Attempts to build a phylogenetic tree for the newly discovered microorganism, which indicates a species’ evolutionary relationship to other species, showed that the Antarctic bacterium did not fit any of the main categories of microorganisms in its taxonomic domain.
“If it were found on Mars, people would call it Martian DNA. But this is DNA from Earth,” Bulat said.
The tests are ongoing, but are unlikely to disprove the results, the researcher said. He added that more samples are needed for conclusive proof, possibly to be found in water from the lake obtained during a new drilling season earlier this year and on its way to Russia by ship.

Suspense over life under Antarctic ice has been building ever since drilling began in 1989 to reach Lake Vostok, which could have been isolated from the outside world as early as 17 million years ago. Drilling through the ice without contaminating the lake took the Russian team at Station Vostok, located just above the lake, 23 years to complete.

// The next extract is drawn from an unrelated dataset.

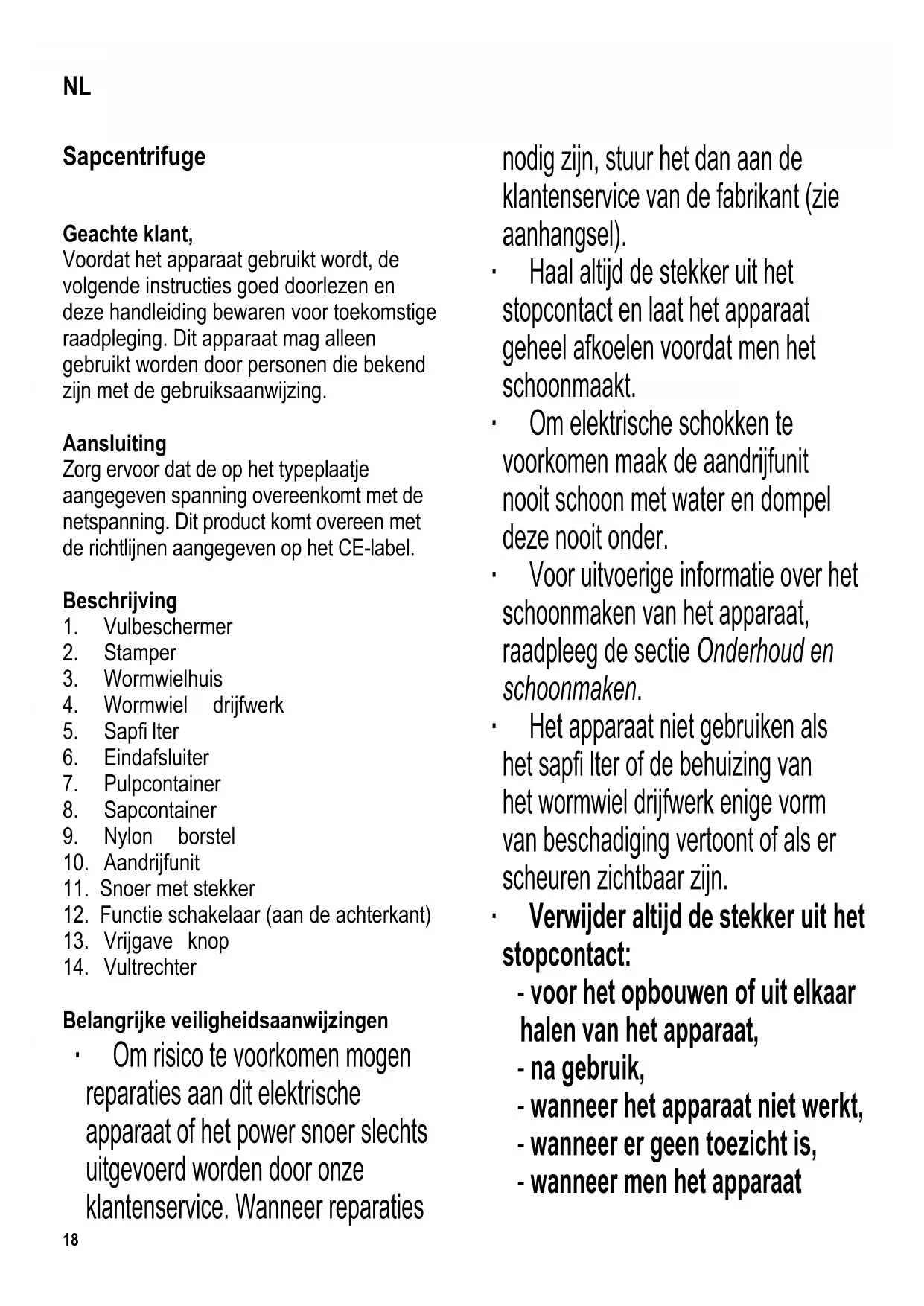 Belangrijke veiligheidsaanwijzingen ∙ Om risico te voorkomen mogen reparaties aan dit elektrische apparaat of het power snoer slechts uitgevoerd worden door onze klantenservice. Wanneer reparaties nodig zijn, stuur het dan aan de klantenservice van de fabrikant (zie aanhangsel). ∙ Haal altijd de stekker uit het stopcontact en laat het apparaat geheel afkoelen voordat men het schoonmaakt. ∙ Om elektrische schokken te voorkomen maak de aandrijfunit nooit schoon met water en dompel deze nooit onder. ∙ Voor uitvoerige informatie over het schoonmaken van het apparaat, raadpleeg de sectie Onderhoud en schoonmaken. ∙ Het apparaat niet gebruiken als het sapfi lter of de behuizing van het wormwiel drijfwerk enige vorm van beschadiging vertoont of als er scheuren zichtbaar zijn. ∙ Verwijder altijd de stekker uit het stopcontact: - voor het opbouwen of uit elkaar halen van het apparaat, - na gebruik, - wanneer het apparaat niet werkt, - wanneer er geen toezicht is, - wanneer men het apparaat NL19 schoonmaakt. ∙ Waarschuwing: Verkeert gebruik van dit apparaat kan persoonlijk letsel veroorzaken. ∙ Dit apparaat is bestemd voor huishoudelijk of gelijkwaardig gebruik, zoals - door personeel in winkels, kantoren en andere soortgelijke werkomgevingen, - in agrarische instellingen, - door klanten in hotels, motels enz. en gelijkwaardige accommodaties, - in bed and breakfast gasthuizen. ∙ Het apparaat mag alleen gebruikt worden door personen met verminderde fysische, zintuigelijke of mentale bekwaamheden, of gebrek van ervaring en kennis, wanneer deze onder begeleiding zijn of instructies ontvangen hebben over het gebruik van dit apparaat en volledig de gevaren en veiligheidsvoorschriften begrijpen. ∙ Kinderen mogen niet dit apparaat gebruiken. Het apparaat en het powersnoer moeten goed weggehouden worden van kinderen. ∙ Kinderen mogen niet met het apparaat spelen. ∙ Waarschuwing: Houdt kinderen weg van inpakmateriaal, daar deze een bron van gevaar zijn b.v. door verstikking. ∙ Voordat het apparaat wordt gebruikt moet zowel de hoofdeenheid inclusief het powersnoer als gelijk welk hulpstuk, dat wordt aangebracht, eerst zorgvuldig op eventuele defecten worden gecontroleerd. Ingeval het apparaat, bijvoorbeeld, op een hard oppervlak is gevallen, of wanneer men met overdadige kracht aan het power snoer getrokken heeft, mag men het niet meer gebruiken: zelfs onzichtbare beschadiging kan ongewenste effecten hebben op de gebruiksveiligheid van het apparaat. ∙ Laat het apparaat nooit onbeheerd wanneer het is aangesloten op het stroomnet. ∙ Gebruik altijd de stamper om de ingrediënten in de vultrechter te stoppen. Gebruik nooit je handen. ∙ Na het uitschakelen blijft de motor nog even doordraaien. Wacht altijd totdat de motor volledig tot stilstand is gekomen voordat het apparaat opengemaakt wordt. ∙ Zorg ervoor dat het apparaat en het snoer niet in aanraking komen met een hete ondergrond of andere hittebronnen. ∙ Trek de stekker niet aan het snoer uit het stopcontact, trek aan de stekker zelf. Laat het snoer nooit los hangen. ∙ Wordt dit apparaat op een verkeerde manier gebruikt of worden de veiligheidsregels niet gevolgd, dan kan de fabrikant niet aansprakelijk worden gesteld voor eventuele schades.20 Handige tips voor sapextractie ∙ Bijna alle gewone soorten fruit zijn geschikt voor sapextractie zoals appels, peren, pruimen, aardbeien, druiven, sinaasappels, meloenen, kiwi’s, ananas, mango’s en papaja’s. ∙ De volgende groenten zijn ook geschikt voor effi ciënte sapextractie: wortelen, koolraap, selderij of komkommer. Echter kunnen spinazie, rucola of verschillende soorten sla ook verwerkt worden. ∙ Appels, wortelen, komkommer en selderij, produceren onder andere een vitaliserende sap. ∙ Een heerlijke ontbijt sap kan gemaakt worden van grapefruits, wortelen en appels. ∙ Bananen zijn niet geschikt voor sapextractie omdat zij maar een heel klein beetje sap bevatten. ∙ Na het schoonmaken, het fruit of de groenten in grove stukken snijden en eventuele steentjes, klokhuizen of zaadjes verwijderen om schade aan het apparaat te voorkomen. ∙ Om sapextractie te vergemakkelijken moet hard fruit en groeten zoals wortelen, venkel of koolraap in kleinere stukken gesneden worden. Gebruik voor korte tijd Dit apparaat is alleen bedoeld voor kortstondig gebruik, d.w.z. dat hij niet langer dan 10 minuten continu gebruikt mag worden. Laat hem daarna gedurende nog eens 10 minuten afkoelen, waarna hij weer gebruikt mag worden. Thermische veiligheidsuitschakeling Het apparaat heeft een geïntegreerde veiligheidsuitschakeling wat het tegen oververhitten zal beschermen. Wanneer de veiligheidsuitschakeling geactiveerd is, moet men het apparaat tot kamertemperatuur laten afkoelen voordat men het weer aanzet. Voor het eerste gebruik Wanneer men het apparaat voor de eerste keer gebruikt moet het eerst schoongemaakt worden zoals wordt omschreven in de sectie Onderhoud en schoonmaken. Schakelaar Het apparaat is uitgerust met een functieschakelaar. 0 apparaat uitgeschakeld ON normale werking R omgekeerde werking Gebruik ∙ Monteer het wormwielhuis dusdanig aan de aandrijfunit dat het pijl symbool op de behuizing van het wormwiel in lijn staat met het geopende slot symbool op het apparaat. ∙ Draai deze dan linksom om te vergrendelen zodat de pijl tegenover het gesloten slot symbool staat. ∙ Schuif het wormwiel drijfwerk helemaal in het wormwielhuis; indien nodig, het wormwiel drijfwerk enigszins verdraaien. ∙ Plaats het sapfi lter met de brede kant eerst op het wormwiel drijfwerk en druk deze er zachtjes op. ∙ Bevestig de eindafsluiter en draai deze naar links om hem vast te zetten. ∙ Monteer de vulbeschermer op vultrechter. ∙ Plaats de sapcontainer onder de sap uitgang aan de onderkant van de behuizing van het wormwiel drijfwerk. ∙ Plaats de pulpcontainer onder de pulp afvoer opening van de eindafsluiter.21 ∙ Steek de stekker in het stopcontact. ∙ Zet de schakelaar in

Scientists suspected that unique species of extremophile microbes, sustained by geothermal heat and capable of surviving in Vostok’s extreme oxygen concentration, could have evolved in the lake. However, an early study of samples of surface water from the lake, published last year, found no unique lifeforms, prompting speculation that the lake may, after all, be devoid of life – a theory that appears to have been disproved by the more recent findings.